===== Dataset extract =====

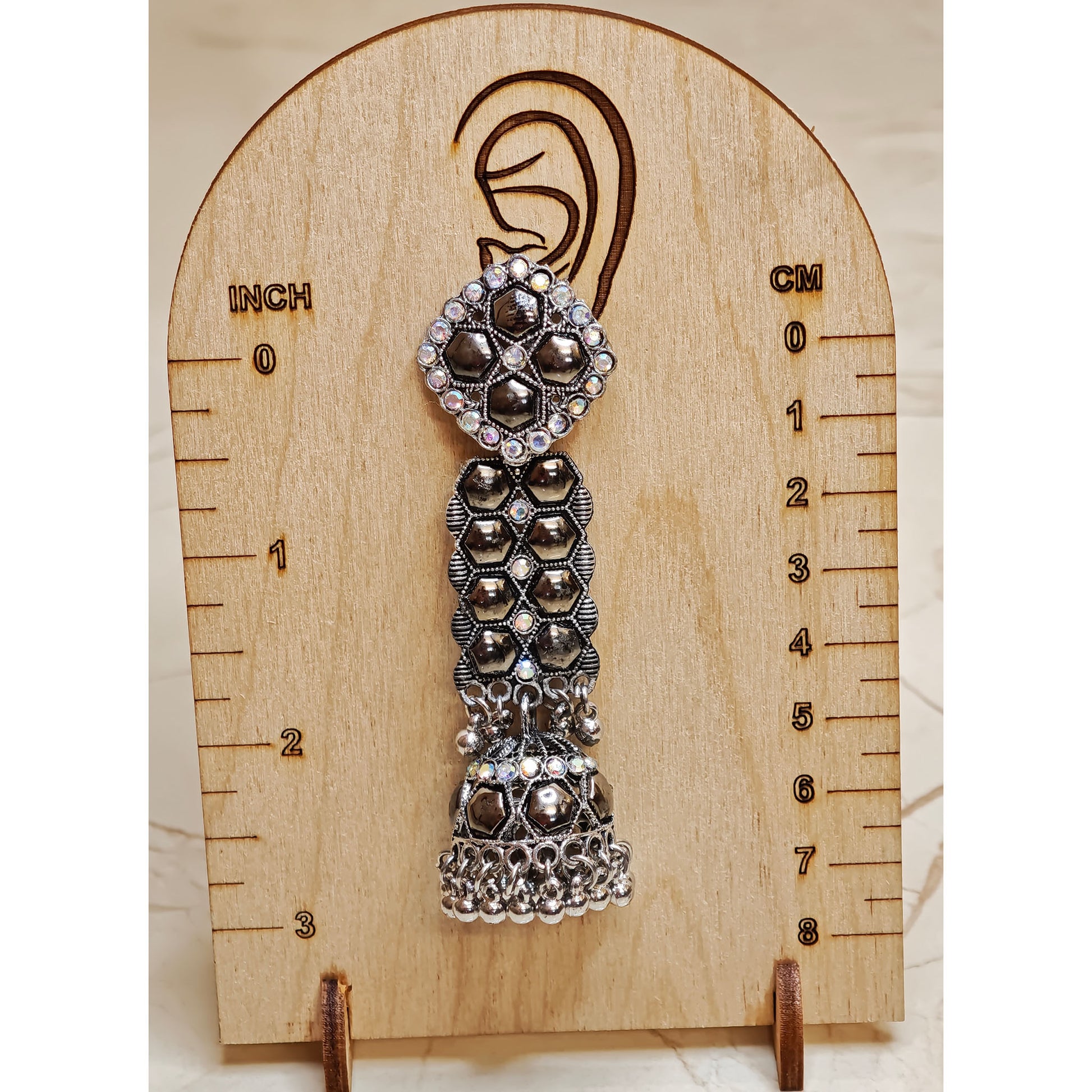 Striking Oxidized Long Stone Jhumkis featuring traditional bell-shaped design with semi-precious stone embellishments, delivering timeless ethnic elegance with contemporary appeal.
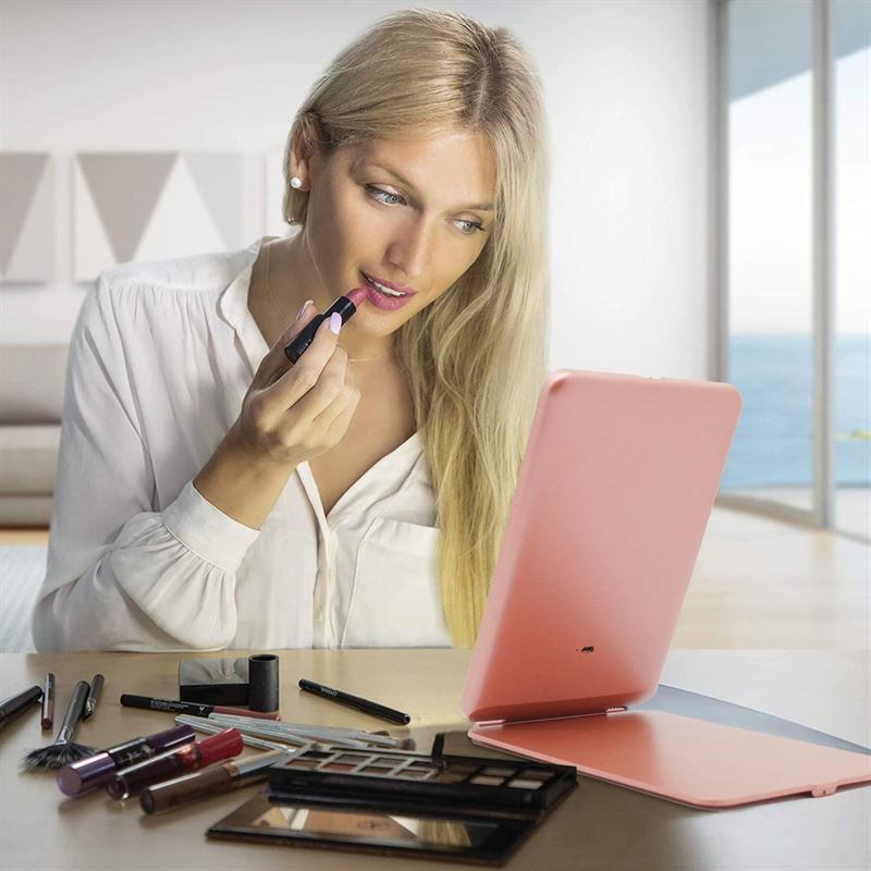 UNIQ Foldable Rechargeable LED Mirror - Vanity Travel Mirror - Pink - Mirror
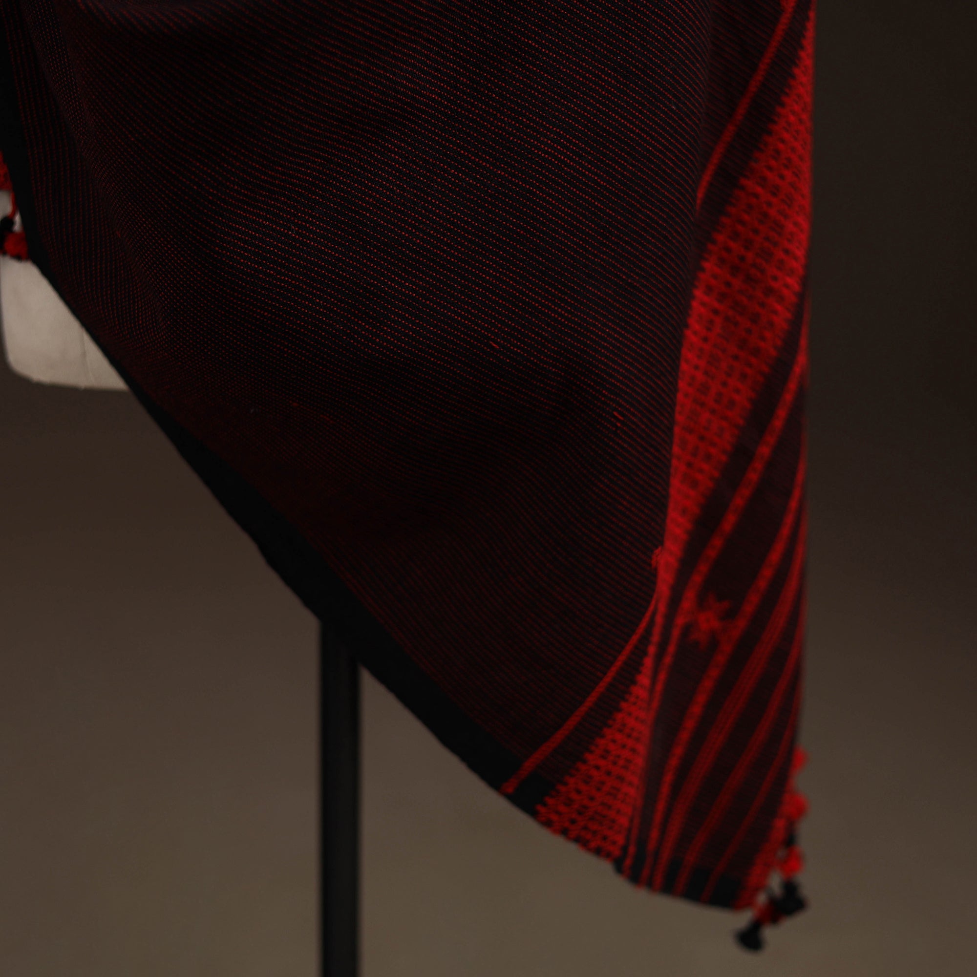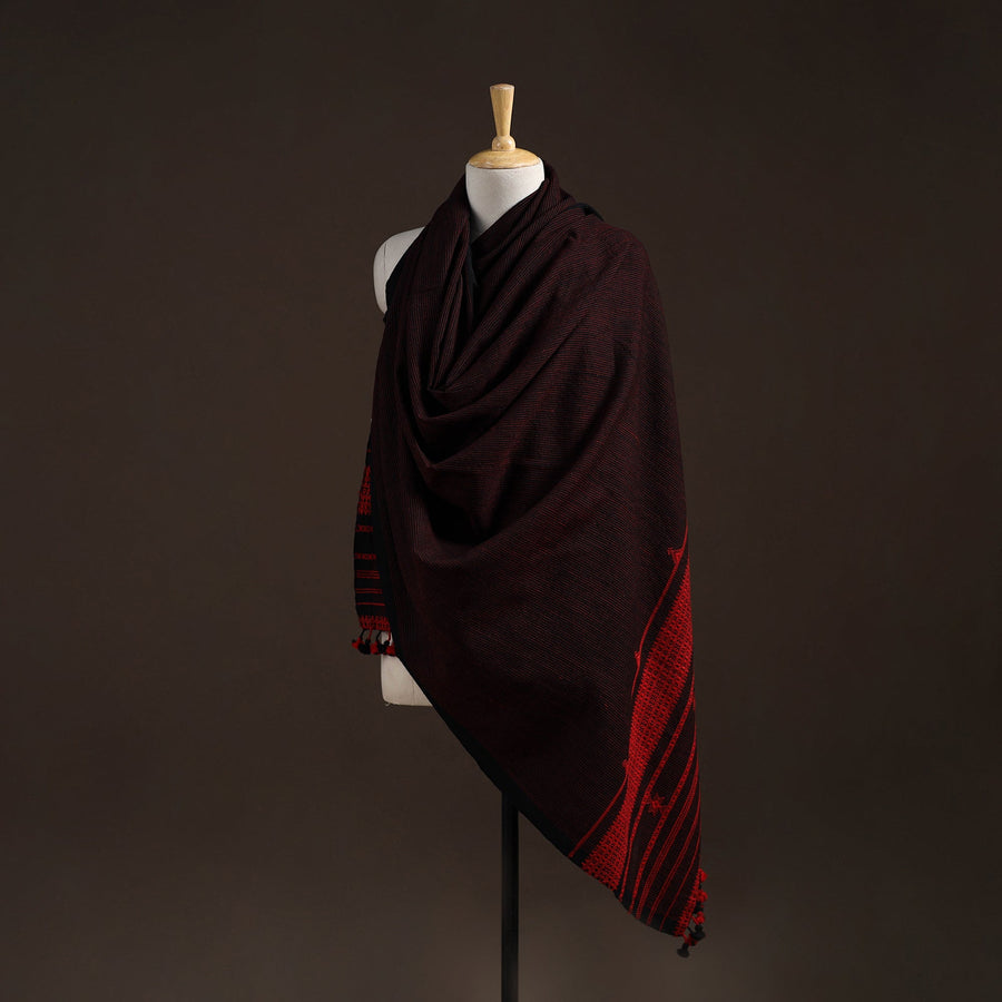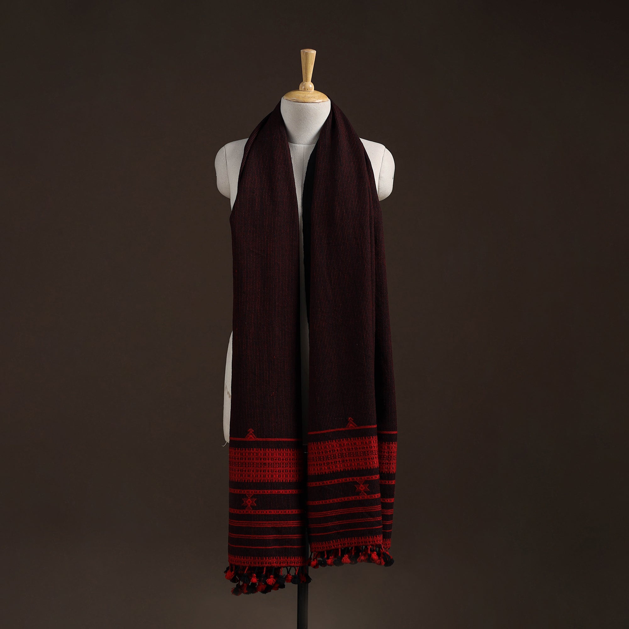 Bhujodi shawl handwoven by Vinay Siju in Bhuj, Gujarat. Designed with traditional Kutchi motifs and tassels. Made from merino wool to provide reliable warmth. A practical choice for everyday winter wear or outings.

=====

Problem statement: Once the line containing "UNIQ Foldable Rechargeable" has been copied, stop; everything from the first line of the data up to it must be copied exactly, without pictures.

Reply to the exercise:
 Striking Oxidized Long Stone Jhumkis featuring traditional bell-shaped design with semi-precious stone embellishments, delivering timeless ethnic elegance with contemporary appeal.
 UNIQ Foldable Rechargeable LED Mirror - Vanity Travel Mirror - Pink - Mirror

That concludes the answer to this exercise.